EXERCISE BRIEF: Transcribe the listing exactly; drop the images.

DATA EXCERPT:
----------------
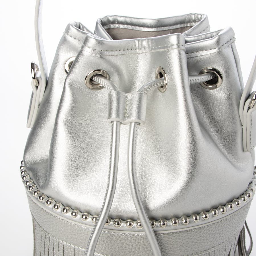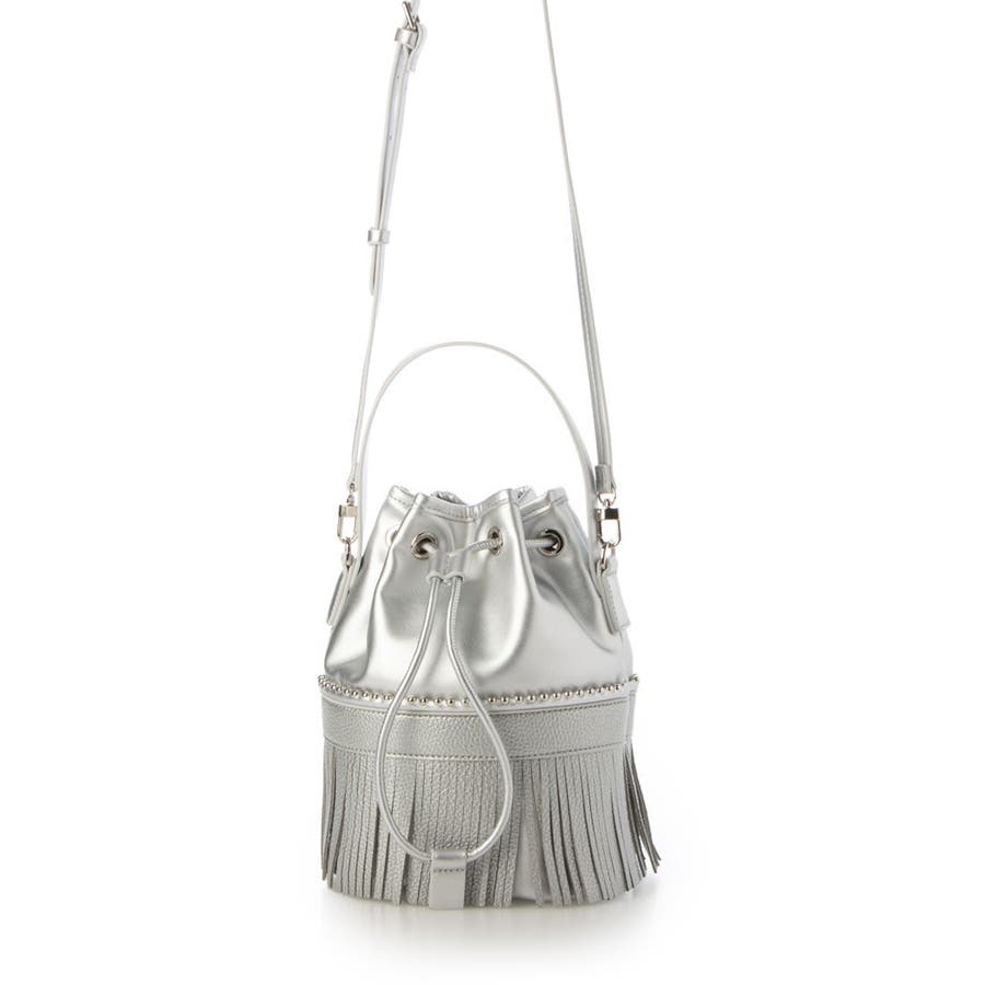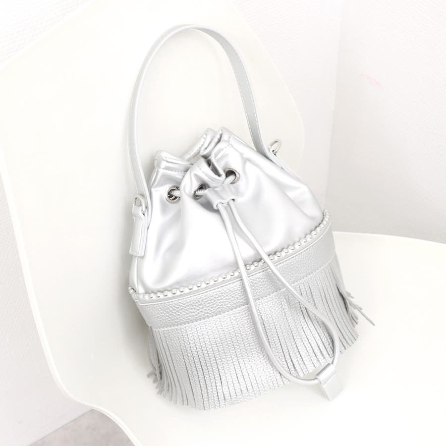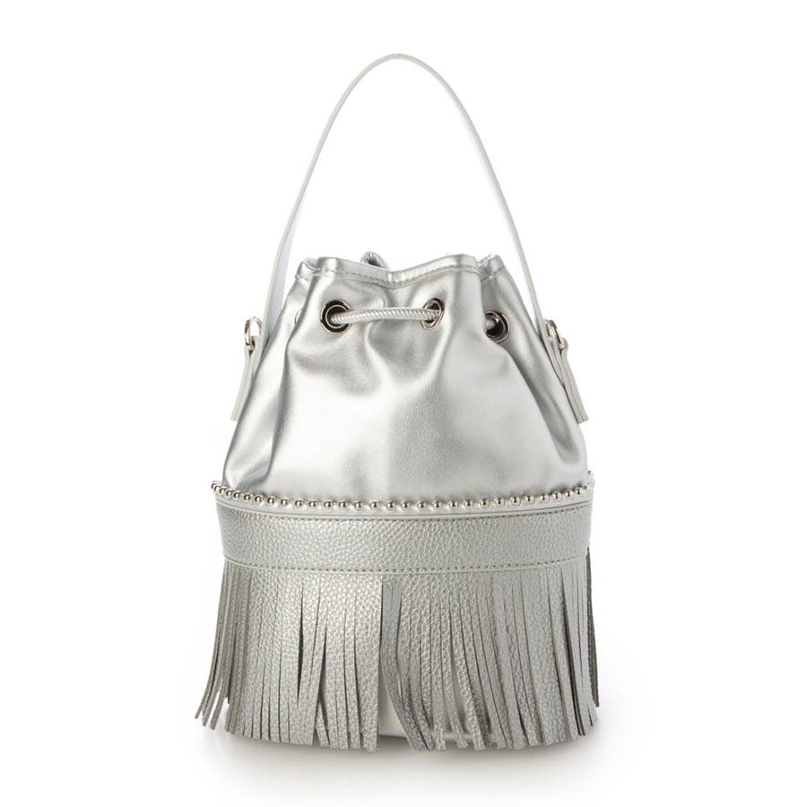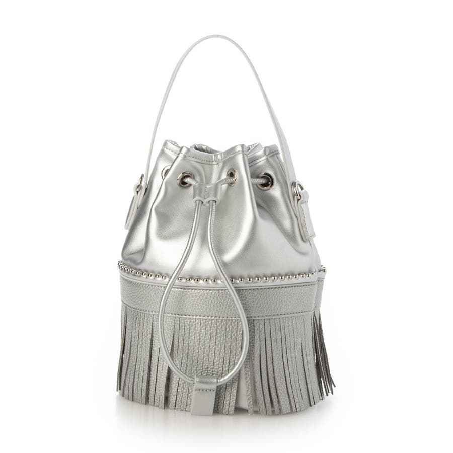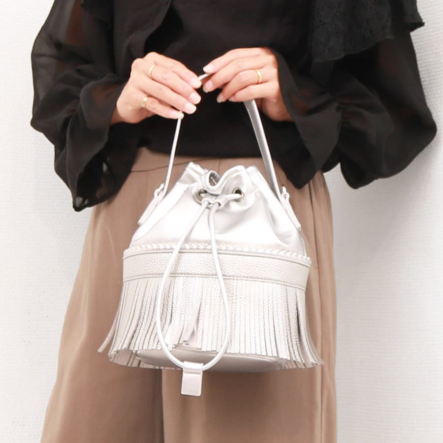 裾部分のフリンジとキラリと光るボールチェーンがポイントの巾着バッグ。
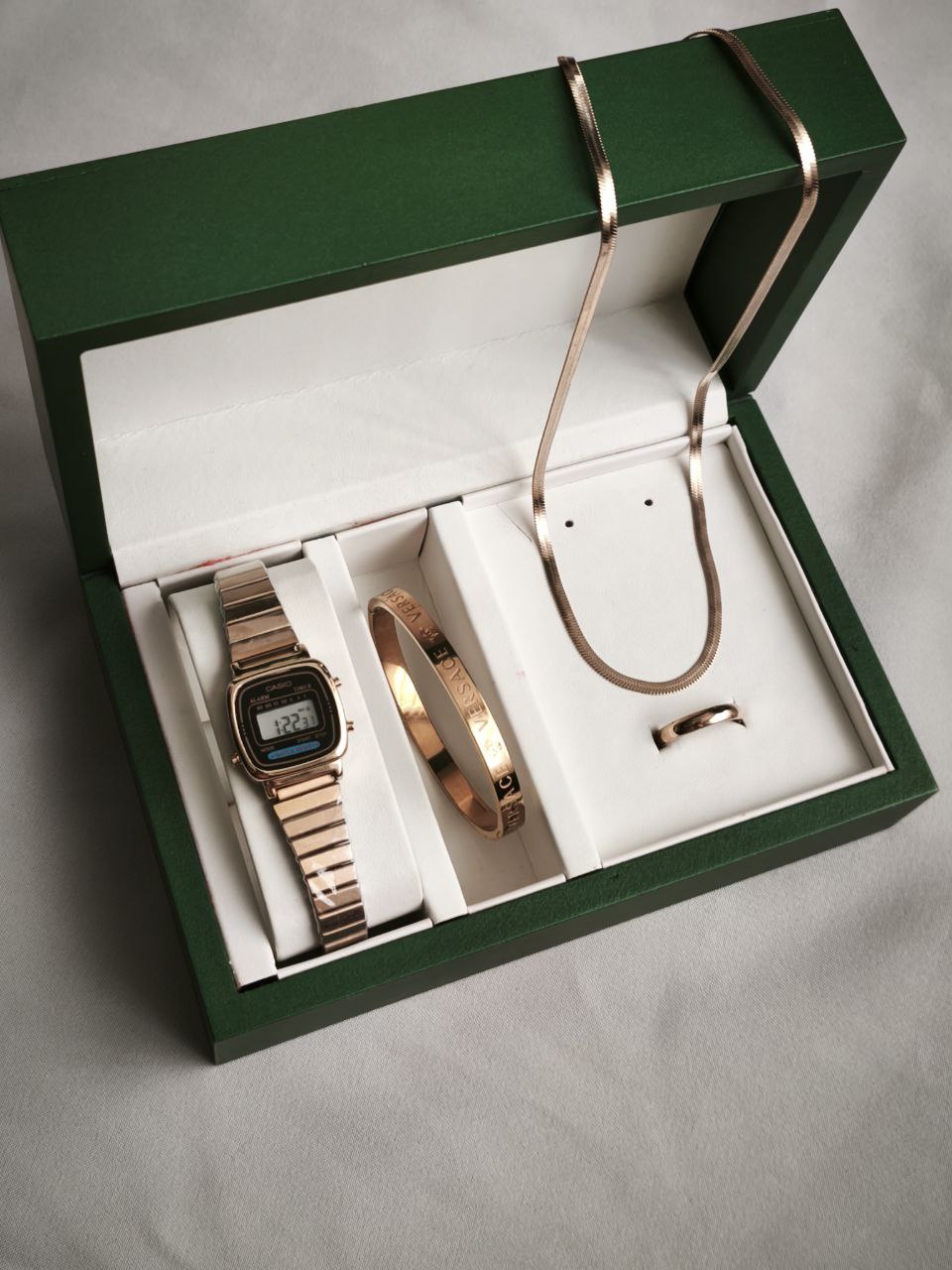 ست ساعت زنانه کاسیو همراه دستبند و گردنبند و انگشتر
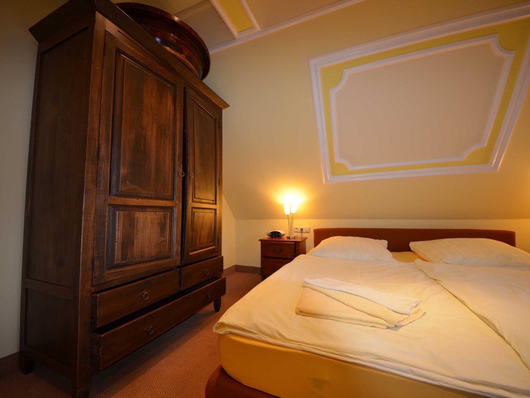 1 kleines Doppelschafzimmer mit Doppelbett 1,60 x 2,00 m, Einbauschrank
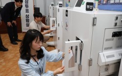 제21대 대통령선거 선상투표가 시작된 26일 부산시 선관위 상황실 직원들이 기표 부분을 봉합한 상태로 수신하는 ‘실드팩스’로 전송된 투표용지를 접수하고 있다. 오는 29일까지 실시하는 선상투표는 대한민국 국민이 선장인 원양어선 등 선박 454척에 승선하고 있는 유권자 …
----------------
YOUR SOLUTION:
 裾部分のフリンジとキラリと光るボールチェーンがポイントの巾着バッグ。
 ست ساعت زنانه کاسیو همراه دستبند و گردنبند و انگشتر
 1 kleines Doppelschafzimmer mit Doppelbett 1,60 x 2,00 m, Einbauschrank
 제21대 대통령선거 선상투표가 시작된 26일 부산시 선관위 상황실 직원들이 기표 부분을 봉합한 상태로 수신하는 ‘실드팩스’로 전송된 투표용지를 접수하고 있다. 오는 29일까지 실시하는 선상투표는 대한민국 국민이 선장인 원양어선 등 선박 454척에 승선하고 있는 유권자 …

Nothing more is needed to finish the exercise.